Data1001 Project 2 (BreastScreen)

Author

Mohamed Bougrassa

1. Client Bio

‘BreastScreen’ Australia is the national breast cancer screening program offering free mammograms to women aged 50–74 to improve early detection and reduce breast cancer mortality. More information: https://www.cancerscreening.gov.au/breastscreen

Code

library(tidyverse)

breast_data = read.csv("breast_cancer.csv")


breast_data = na.omit(breast_data)
breast_data = subset(breast_data, Tumor.Size > 0 & Tumor.Size <= 100)

2. Recommendation

As a result of the anlysis provided, it is recommended to conduct early tumor size screening and estrogen receptor (ER) testing. Patients who have smaller tumors and are ER-positive show substantially better survival results. The research findings make it imperative for more funding of early detection programs and hormone-based treatment approaches to enhance both prognosis and efficiency.

3. Evidence

The Breast cancer dataset was examined through three essential variables which included Patient Status (Alive vs Deceased), Tumor Size, and Estrogen Receptor Status. These variables serve as essential indicators in order to understand treatment results and subsequently direct therapeutic choices

3.1 Patient Outcome Distribution

Code

ggplot(breast_data, aes(x = Status)) +
  geom_bar(fill = "darkblue") +
  labs(title = "Patient Status Distribution", x = "Status", y = "Count")

The Bar Plot of ‘Status’ shows that more patients in the dataset survived than those who did not. This initially seems encouraging, but it does introduce a noticeable bias in the outcome data. This skewed distribution may affect the interpretation of other variables, due to the fact that statistical relationships could be affected by the overrepresentation of survivors in the dataset.

3.2 Tumor Size by Status

RQ1: How does tumor size vary between patients who survive and those who do not following a breast cancer diagnosis?

Code

ggplot(breast_data, aes(x = Status, y = Tumor.Size)) +
  geom_boxplot(fill = "darkred") +
  labs(title = "Tumor Size by Patient Status", x = "Status", y = "Tumor Size (mm)")

The Comparative boxplot of ‘Tumor Size’ by ‘Status’ shows that there is a significant difference in tumor size between the two outcome groups. Patients who died had significantly larger tumours on average, with distributions extending to higher values. This is consistent with the established clinical knowledge that larger tumours are associated with poorer prognosis. Additionally, the presence of outliers within the deceased group highlights the increased severity of late-stage tumour progression.
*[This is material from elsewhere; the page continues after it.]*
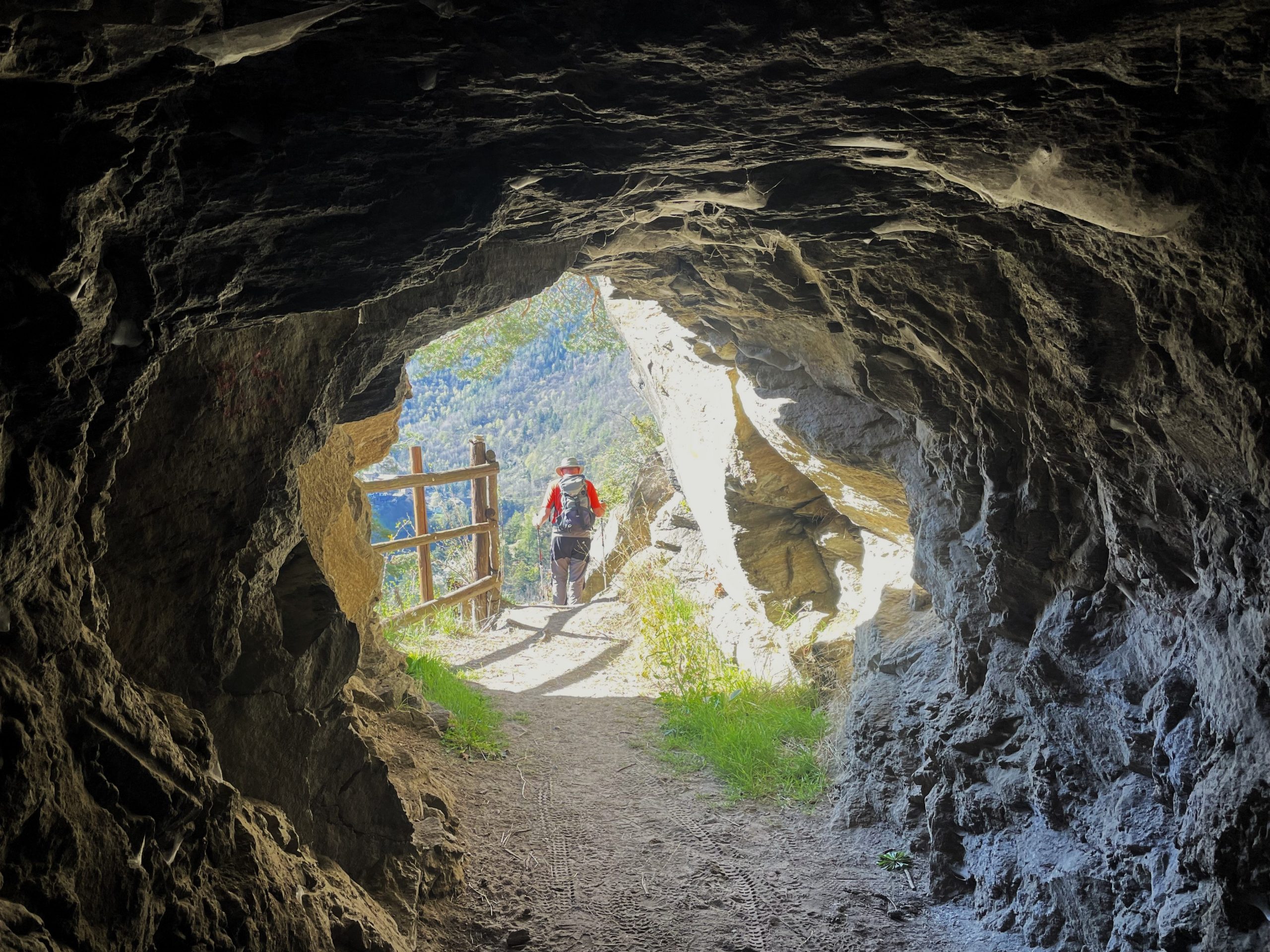 As the surroundings became more rocky we could see a cascade of water dropping from a small hydro electric plant high above us The path routed us through a tunnel behind this stream so that we didn’t get a clear view of the waterfall until we were on the way home. The cool tunnel was a welcome relief from the heat, even more so when we found the window carved into the rock allowing us to feel the water’s spray. We tried to find out what this tunnel had been built for, but couldn’t find any information, we can only surmise that it was part of the hydro scheme which had possibly diverted or changed the nature of the water falling from above.

A Tumour size investigation by Elston & Ellis (1991) concluded that it is one of the most significant independent prognostic variables in breast cancer, impacting both survival rates and recurrence, thus showing the requirement for early detection and treatment programs.

3.3 Estrogen Receptor Status by Outcome

RQ2: Is there an association between estrogen receptor (ER) status and breast cancer survival outcomes?

Code

ggplot(breast_data, aes(x = Estrogen.Status, fill = Status)) +
  geom_bar(position = "dodge") +
  labs(title = "Estrogen Status by Patient Outcome", x = "Estrogen Status", y = "Count")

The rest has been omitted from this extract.